- What is needed
The lines to repeat are those below from the one containing "刘锋,笔名风侠。赣县茅店人,江西省作协会" down to the one containing "V-neck top in", both included; reproduce them exactly and nothing else.

- Materials provided
-------

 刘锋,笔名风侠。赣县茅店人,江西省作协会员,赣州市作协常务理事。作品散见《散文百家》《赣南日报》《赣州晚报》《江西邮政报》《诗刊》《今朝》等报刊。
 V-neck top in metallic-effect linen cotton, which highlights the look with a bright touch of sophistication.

-------

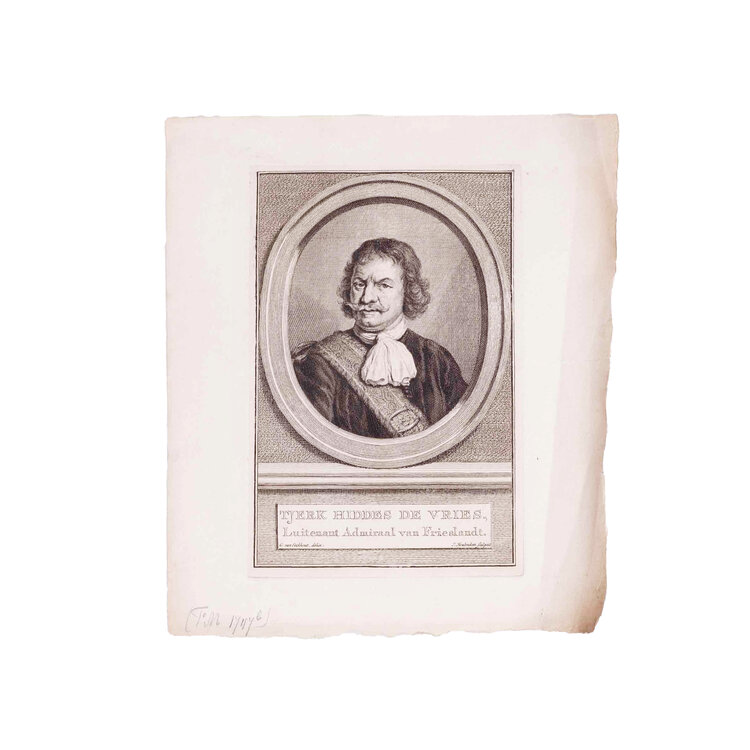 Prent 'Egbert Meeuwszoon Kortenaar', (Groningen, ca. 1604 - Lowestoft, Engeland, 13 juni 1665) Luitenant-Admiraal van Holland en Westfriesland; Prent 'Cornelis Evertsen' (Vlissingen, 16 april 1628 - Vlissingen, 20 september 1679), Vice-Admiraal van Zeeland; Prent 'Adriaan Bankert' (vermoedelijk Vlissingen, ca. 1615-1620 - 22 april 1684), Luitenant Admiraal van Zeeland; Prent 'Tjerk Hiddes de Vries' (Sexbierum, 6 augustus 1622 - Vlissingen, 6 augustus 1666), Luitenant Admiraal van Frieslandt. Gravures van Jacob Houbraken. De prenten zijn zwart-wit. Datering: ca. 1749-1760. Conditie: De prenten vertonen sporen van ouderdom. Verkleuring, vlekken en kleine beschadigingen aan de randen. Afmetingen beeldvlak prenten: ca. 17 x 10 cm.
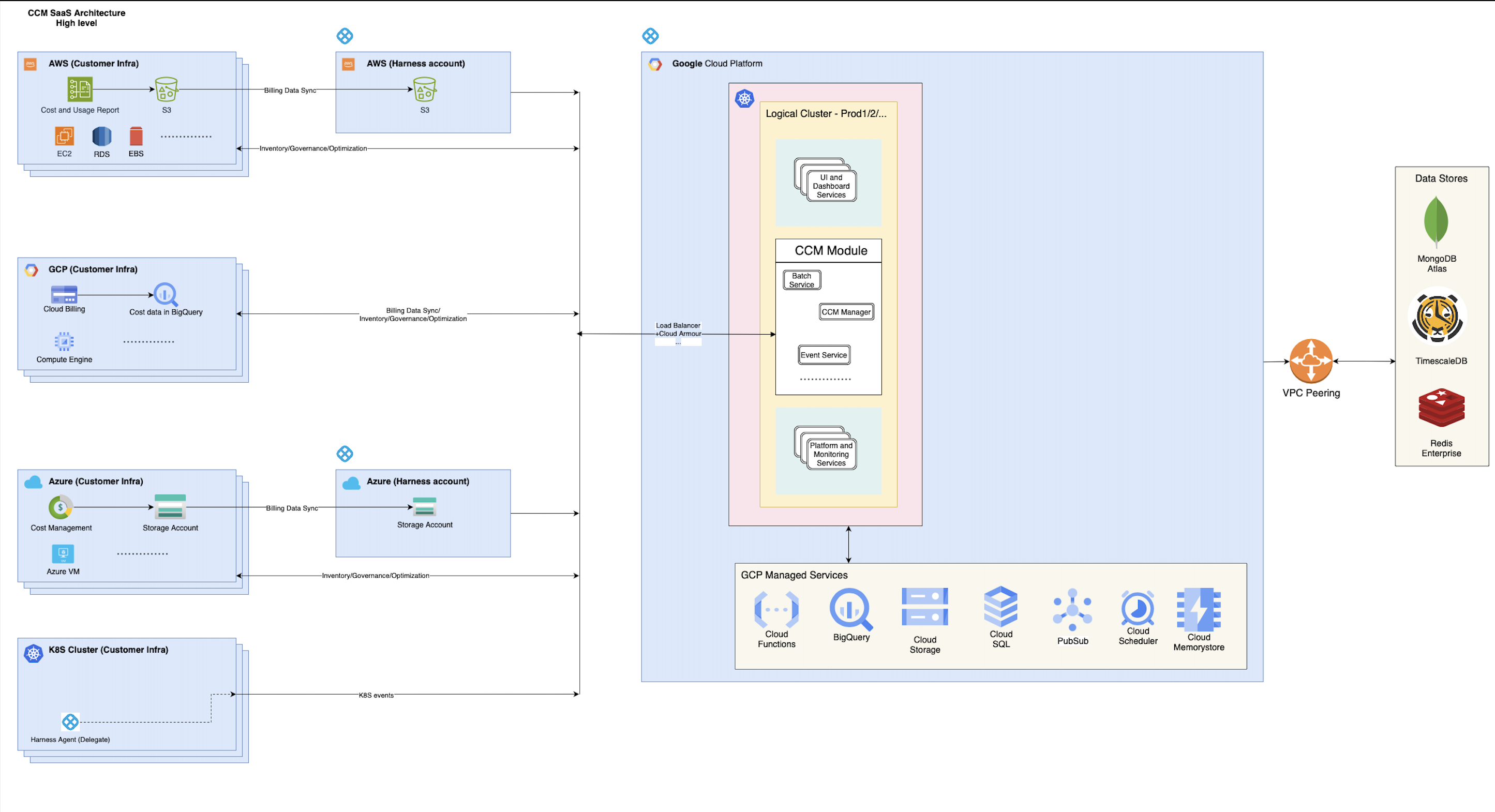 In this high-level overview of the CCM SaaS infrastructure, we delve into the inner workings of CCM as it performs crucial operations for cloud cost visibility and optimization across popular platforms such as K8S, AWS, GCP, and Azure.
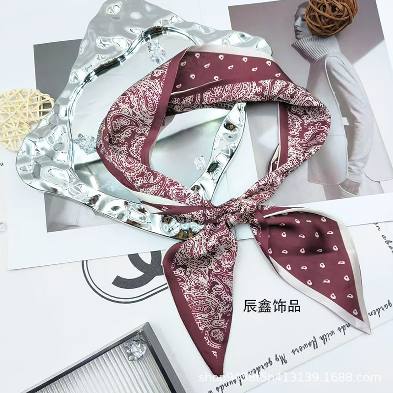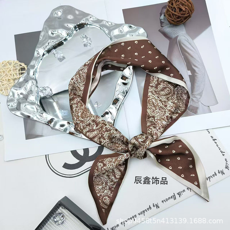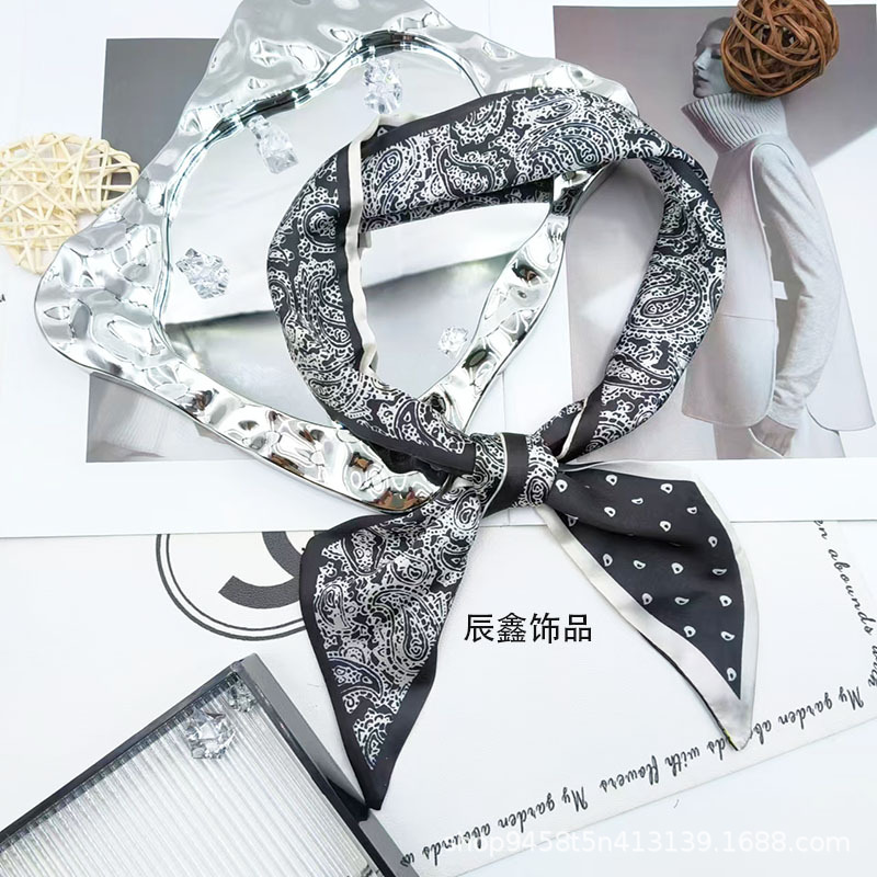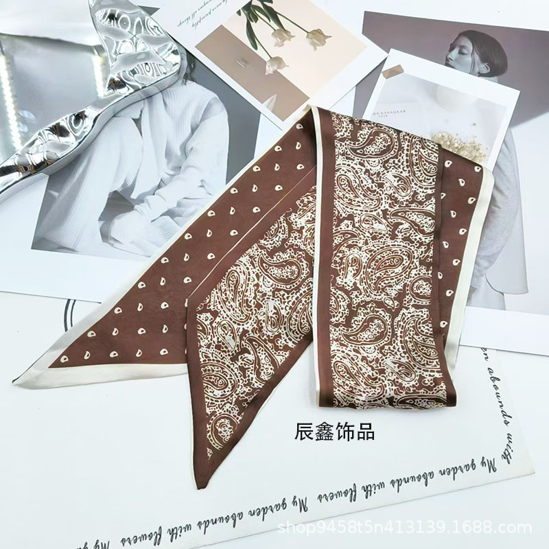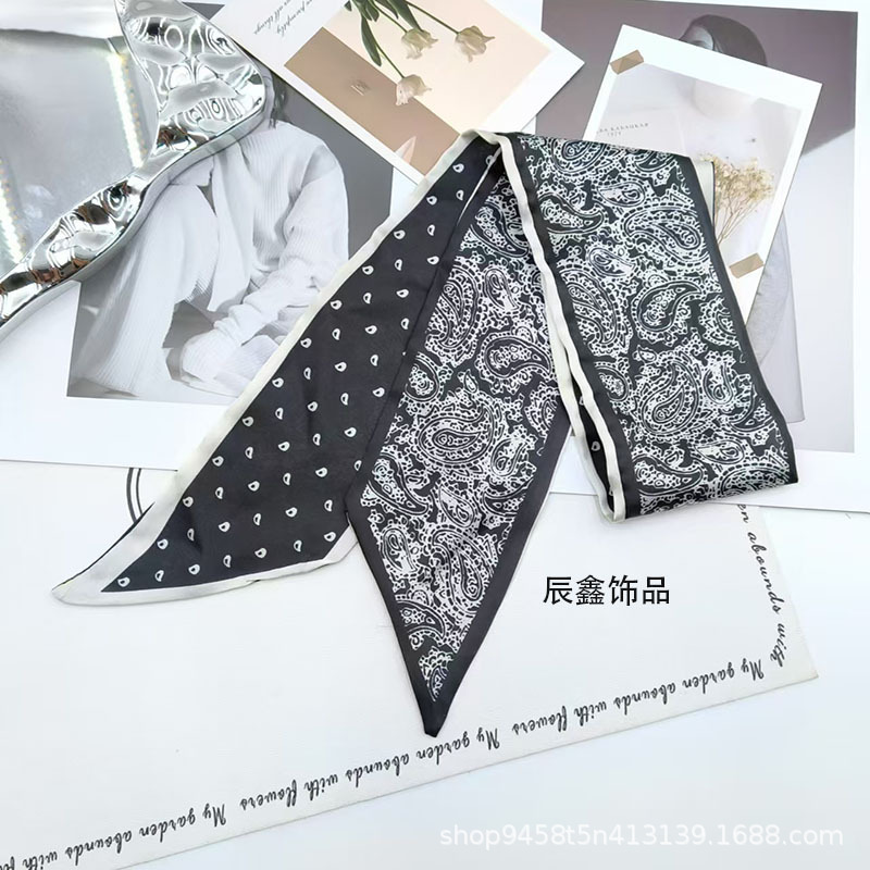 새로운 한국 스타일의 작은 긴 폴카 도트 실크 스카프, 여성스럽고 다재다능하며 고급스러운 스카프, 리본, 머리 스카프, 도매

-------

- Answer space
 刘锋,笔名风侠。赣县茅店人,江西省作协会员,赣州市作协常务理事。作品散见《散文百家》《赣南日报》《赣州晚报》《江西邮政报》《诗刊》《今朝》等报刊。
 V-neck top in metallic-effect linen cotton, which highlights the look with a bright touch of sophistication.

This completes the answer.